What is being asked.
After locating the line with "комбинация от скариди, калмари", repeat it and every following line to the end of the listing, exactly. Omit the pictures.

Collected data.
== Segment start ==
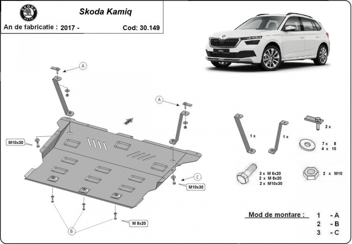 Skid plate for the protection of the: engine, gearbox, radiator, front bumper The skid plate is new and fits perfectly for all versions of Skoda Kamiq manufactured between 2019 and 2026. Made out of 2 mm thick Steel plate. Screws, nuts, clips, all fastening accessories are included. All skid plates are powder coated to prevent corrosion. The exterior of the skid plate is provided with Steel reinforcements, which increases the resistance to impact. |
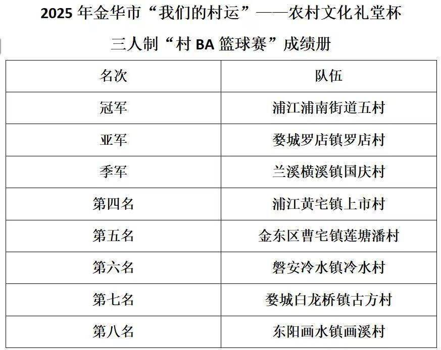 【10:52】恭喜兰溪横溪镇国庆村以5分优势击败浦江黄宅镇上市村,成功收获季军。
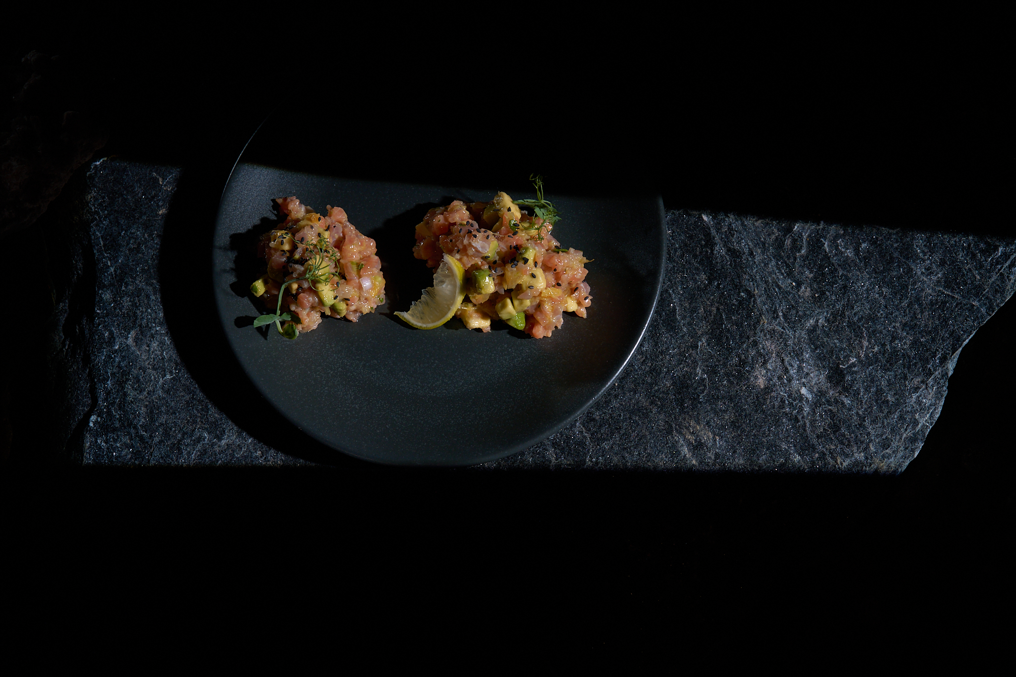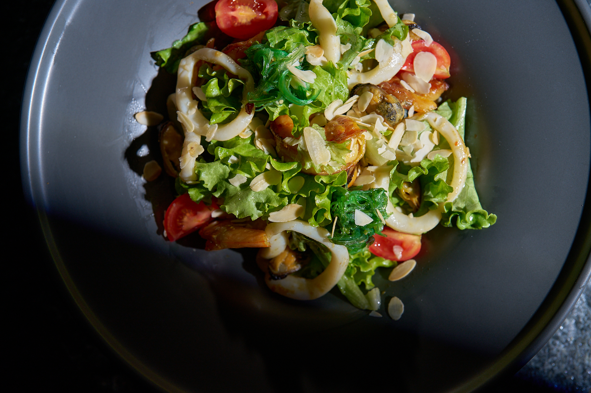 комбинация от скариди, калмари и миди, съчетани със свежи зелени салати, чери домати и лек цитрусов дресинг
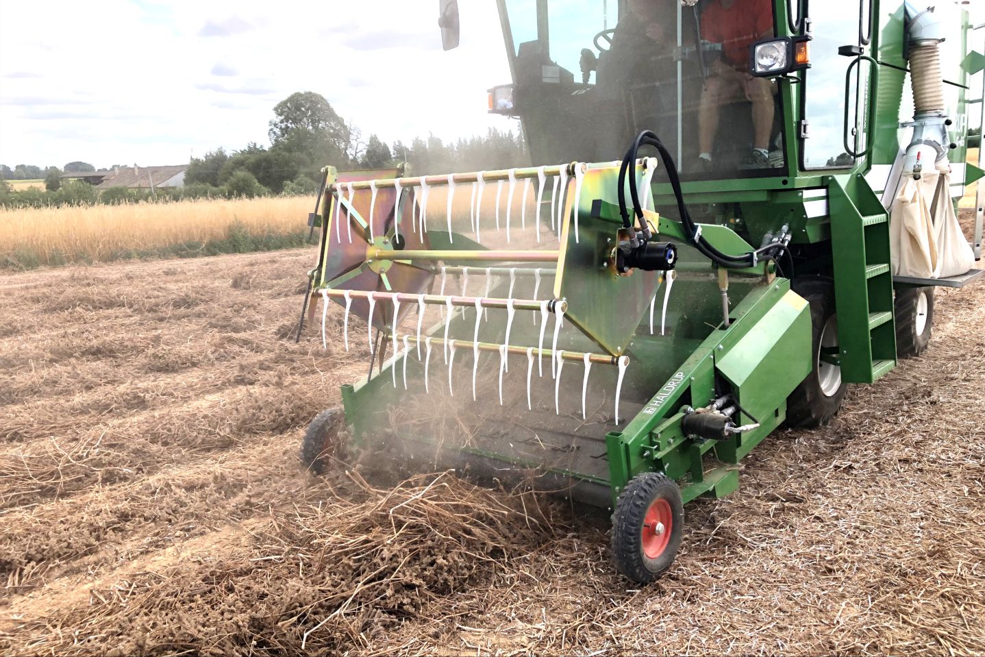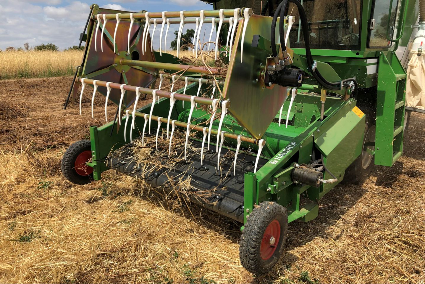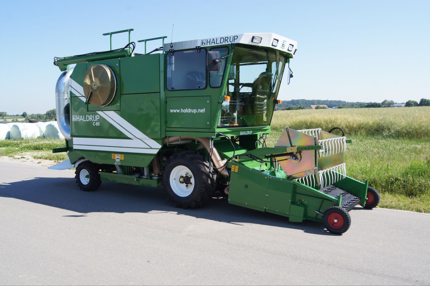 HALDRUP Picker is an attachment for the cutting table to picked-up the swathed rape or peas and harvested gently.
== Segment end ==
Output of the exercise.
 комбинация от скариди, калмари и миди, съчетани със свежи зелени салати, чери домати и лек цитрусов дресинг
 HALDRUP Picker is an attachment for the cutting table to picked-up the swathed rape or peas and harvested gently.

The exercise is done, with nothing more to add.